Opony samochodowe bez powietrza. Rewolucja coraz bliżej
Firmy oponiarskie pracują nad oponami bezpowietrznymi. W przyszłości mają one wspierać transport multimodalny, stawiając jednocześnie na zrównoważony rozwój.
Jedną z firm, która pracuje nad oponami bezpowietrznymi, nazywanymi również niepneumatycznymi jest Goodyear. Opony tego typu są właściwie kołem i oponą w jednym. Składają się one z opasania (w tym bieżnika), łącznika oraz części wewnętrznej, która pełni rolę felgi. Łącznik razem z opasaniem usztywnia ciężar pojazdu, a także sprawia, że opona ma być elastyczna.
Wyższością opony bezpowietrznej w porównaniu do tej ‘’tradycyjnej" ma być jej niska awaryjność. W razie ewentualnego uszkodzenia opona może ciągle normalnie funkcjonować. To za sprawą struktury wstęgi łączącej. Zdaniem Goodyeara opony te mają odznaczać się też wyższym komfortem. Jak twierdzi Rachita, opona niepneumatyczna może unieść większy ładunek, a przy tym zapewnić większą wygodę niż opona powietrzna. W przypadku samochodów autonomicznych opony bezpowietrzne odegrają bardzo ważną rolę. Nie będzie konieczności cyklicznego monitorowania stanu powietrza w kołach takiego auta.

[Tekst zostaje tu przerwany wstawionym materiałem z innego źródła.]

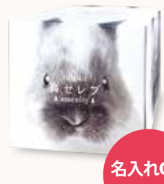
O3T3105 ネピア 鼻セレブ amenity BOXティッシュ130W ●商品サイズ: W120×D110×H120mm ●入数: 48個 ●ケースサイズ: W501×D381×H457mm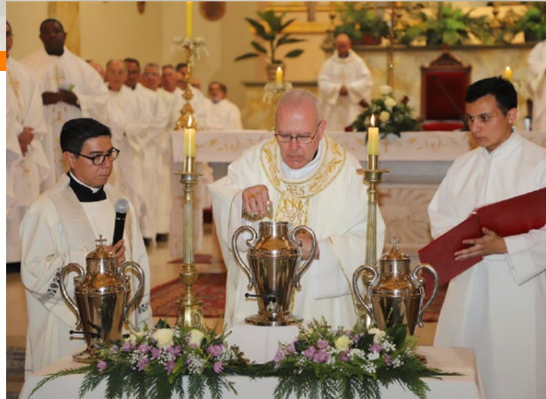
Bendición de los óleos.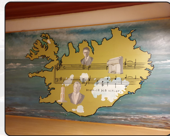
Í menningarhúsinu á Stokkseyri er vísir að Tónminjasafni. Þar er 30 fm. Íslandskort með merkingum á 106 vitum í kringum landið. Merkingarnar eru rafvæddar og kviknar á þeim undir tónverki Páls Íslólfssonar, Brennið þið vitar.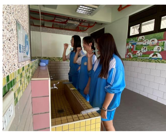
說明：推動餐後潔牙-學生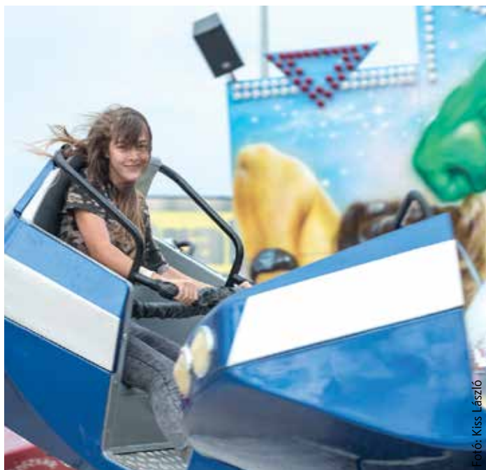
A szédület lett úrrá a maroshegyieken

„Akik itt élnek, pontosan tudják, hogy 2006 után milyen nagy változást hozott Maroshegyen az, hogy a Premium Centerrel közösen ezt a beruházást megvalósíthattuk. Nagyon megváltozott a városrész képe, és egy olyan új bevásárlási lehetőség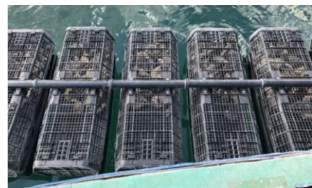
シングルシード方式のカゴ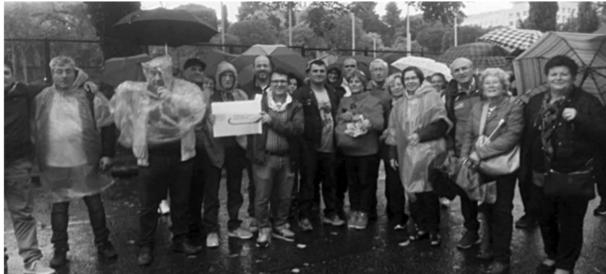
Sotto la pioggia ma felicemente

Invitati dalla Coldiretti di Ascoli Piceno, sabato 6 ottobre abbiamo partecipato all'evento "Villaggio della Coldiretti" al Circo Massimo a Roma. È stata una bellissima manifestazione, purtroppo il tempo non è stato clemente ma grazie ad una perfetta organizzazione che ci ha munito di poncho impermeabili abbiamo potuto godere pienamente della giornata. Tantissimi stand, alcuni dedicati alle aziende agricole di Marche ed Umbria colpite dal terremoto, presenti anche due aziende ascolane. Work-shop molto interessanti, sulla salvaguardia delle nostre produzioni agricole, su come seguire una sana alimentazione e sulla preparazione di piatti tipici regionali in cui erano ospiti personaggi importanti della cultura, dello sport e della politica. Un settore è stato dedicato all'esposizione di quelle razze animali tipiche della nostra Italia. Tanti anche i laboratori per i bambini. Ringraziamo la Coldiretti per la bellissima esperienza sicuramente da ripetere.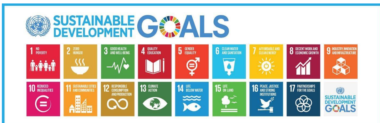
Slika 3. Prikaz 17 ciljeva održivog razvoja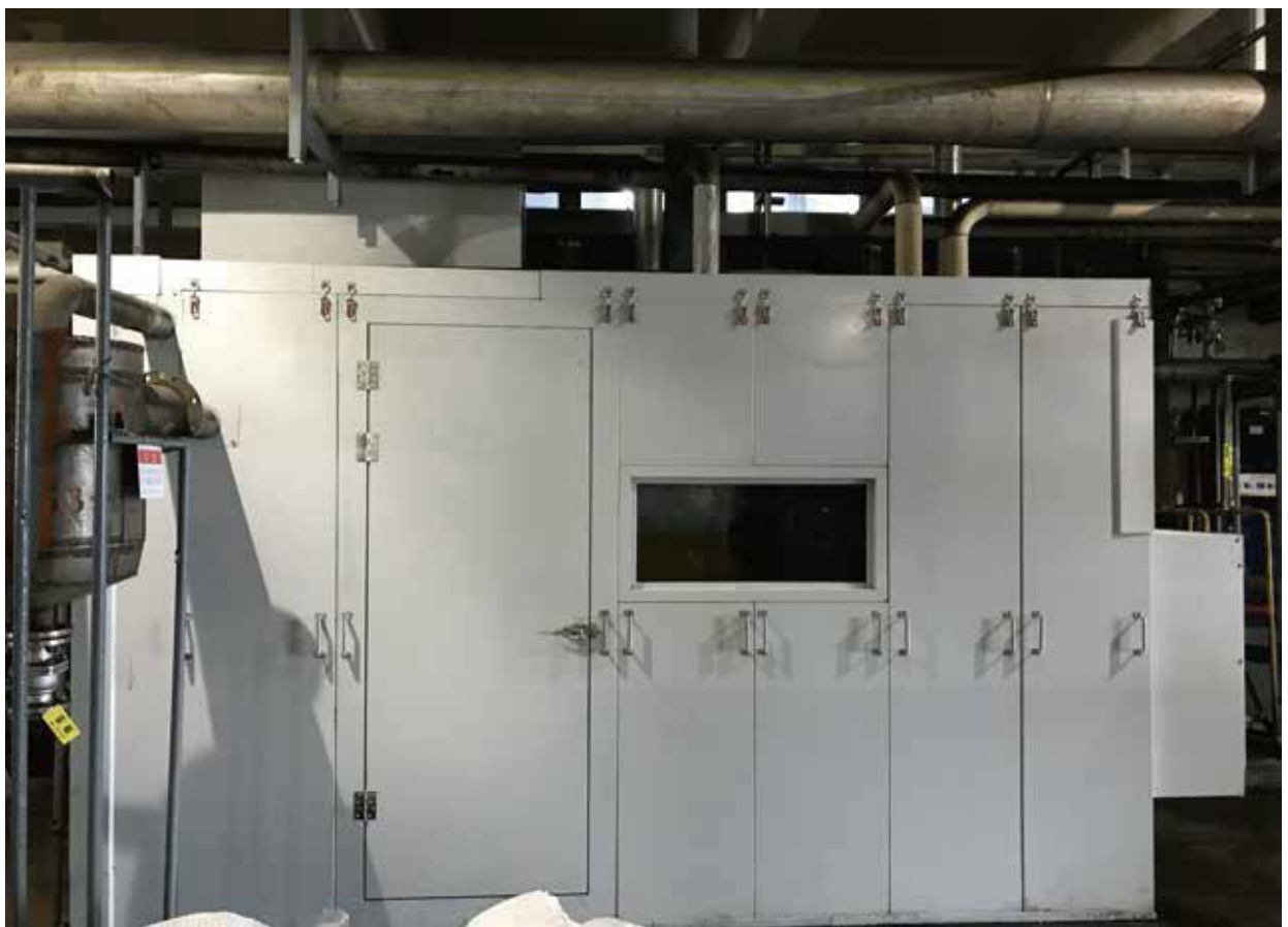
帝斯曼江山制药部分界区及岗位降噪工程（六期）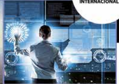
RECURSOS HUMANOS NOMINAS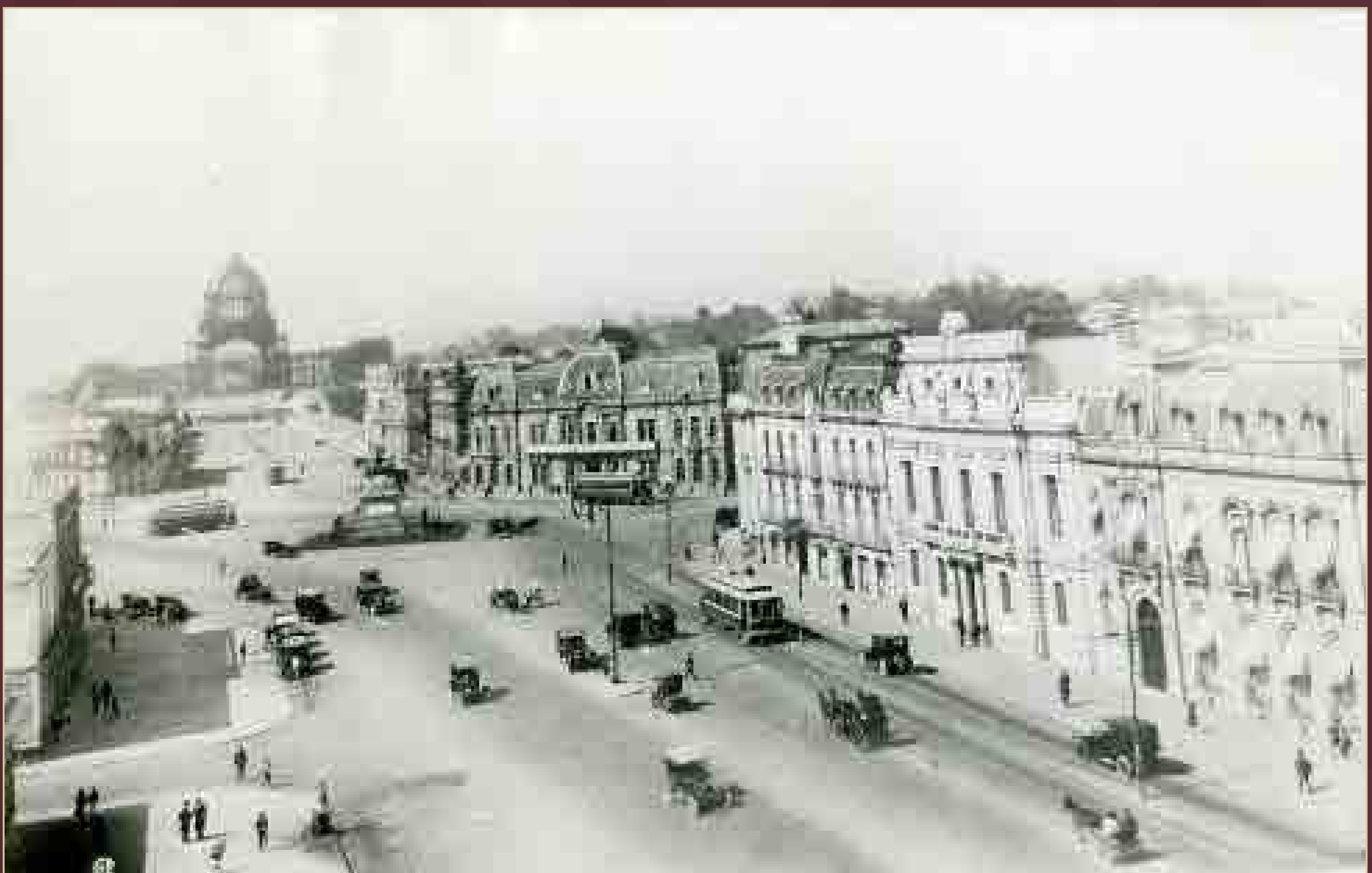
Paseo de la Reforma, aún con la Glorieta del Caballito y la estructura del Palacio Legislativo, México, ca. 1925.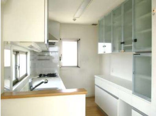
[専用部・室内写真][キッチン]カップボード・たっぷり収納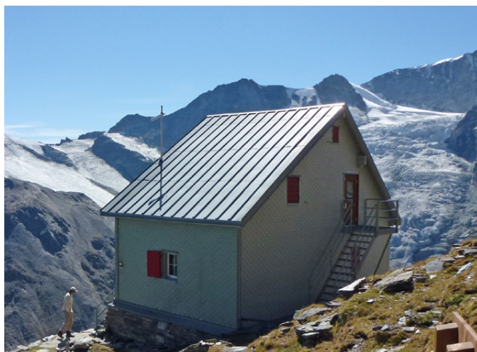
Alte und neue Weisshornhütte im Vergleich.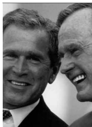
Andrew Cockburn rapporte dans son livre sur Rumsfeld (2007) cette conversation entre les deux George Bush : — Qu'est-ce qu'un néocon ?

Dans un article du Wall Street Journal du 20 novembre 2001, le néoconservateur Eliot Cohen parle de la guerre contre le terrorisme comme « la IVe Guerre mondiale », et le terme sera repris par d'autres néoconservateurs. En septembre 2004, un colloque néoconservateur à Washington incluant Norman Podhoretz et Paul Wolfowitz s'intitulait « IVe Guerre mondiale : Pourquoi nous battons–nous, qui pouvons–nous combattre, comment nous nous battons » [114]. Cohen y déclarait : « L'ennemi, ce n'est pas le terrorisme [...] mais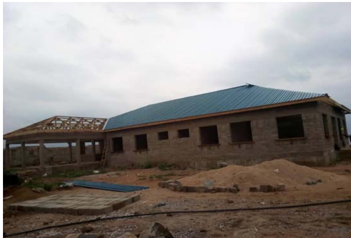
Moja ya Majengo ya Hospital ya Wilaya inayojengwa katika Kitongoji cha Kwikonero, Kijijini Suguti, Kata ya Suguti

Uongozi wa Rais Dkt John Joseph Pombe Magufuli kwa kutoa Shilingi bilioni 1.5 kwa ajili ya ujenzi wa Hospitali ya Wilaya inayojengwa kwenye Kitongoji cha Kwikonero, katika Kijiji cha Suguti, Kata ya Suguti. Wananchi kupitia Viongozi wa Kata na Vijiji wamekubaliana kuchangia Shilingi Milioni 2 kila Kijiji na Mbunge wa Jimbo yuko tayari kuchangia ujenzi huu muda ukiwadia.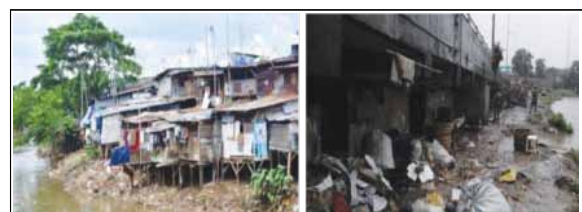
Gambar 3. Contoh Penghuni Liar Di Pinggir Kali Atau Di Bawah Jembatan

Teritorialitas merupakan suatu pola tingkah laku manusia yang berhubungan dengan kepemilikan atau hak yang dikuasai/dimiliki dan di-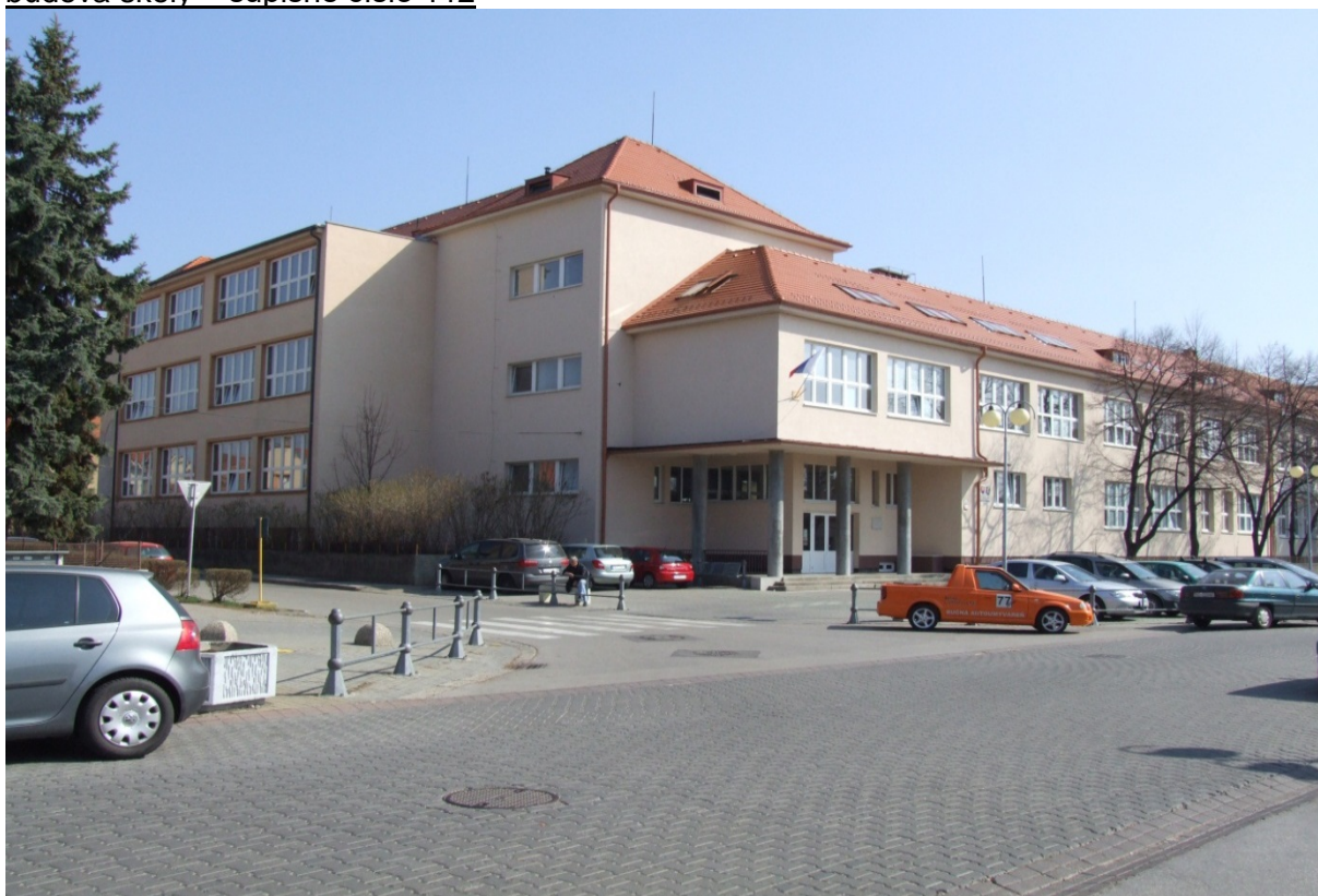
budova školy – súpisné číslo 112 – vchod Spojenej školy s vyučovacím jazykom maďarským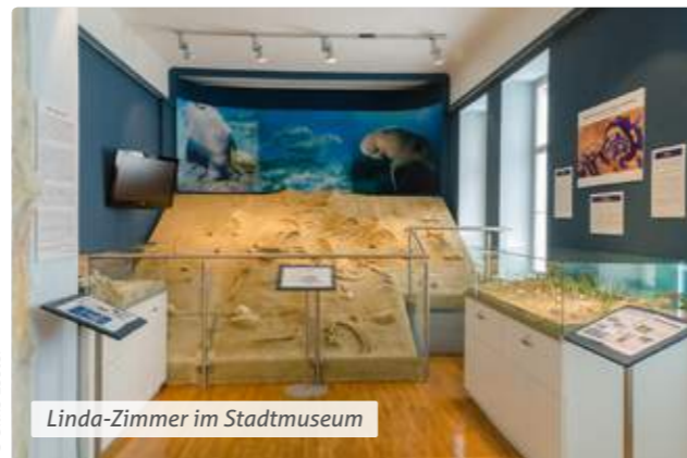
Linda-Zimmer im Stadtmuseum

Unser Museum begeistert! Mit Bildern, Modellen und Fundstücken wird Geschichte so richtig greifbar. Jedes der zehn Zimmer widmet sich einem Thema: Im Pecherzimmer wird der weithingehend ausgestorbene Beruf des Pechers thematisiert. Im Linda-Zimmer wartet das Skelett einer prähistorischen Seekuh. In der Alten Schulklasse taucht man in den Schulalltag anno 1898 ein. Auch zur Ruine Merkenstein und ihren Rittern erfährt man so einiges. Spannend!

Jedną z motywacji prac prowadzonych przez Goodyeara jest kwestia częstego wycofywania opon, których niewłaściwe użytkowanie doprowadziło do przedwczesnego uszkodzenia (chodzi np. o przebicie spowodowane małym ciśnieniem w oponie). Wiąże się to oczywiście z koniecznością ich utylizacji. Ograniczyć to zjawisko mają właśnie opony bezpowietrzne.
Goodyear postawił sobie za cel wyprodukowanie do 2030 roku pierwszej na rynku opony bezpowietrznej, stworzonej w całości z materiałów odnawialnych.
Nad oponami bezpowietrznymi pracuje również Michelin. Prototyp takiego rozwiązania firma pokazała już w 2019 roku, ale do dziś takie opony nie znalazły się w produkcji seryjnej.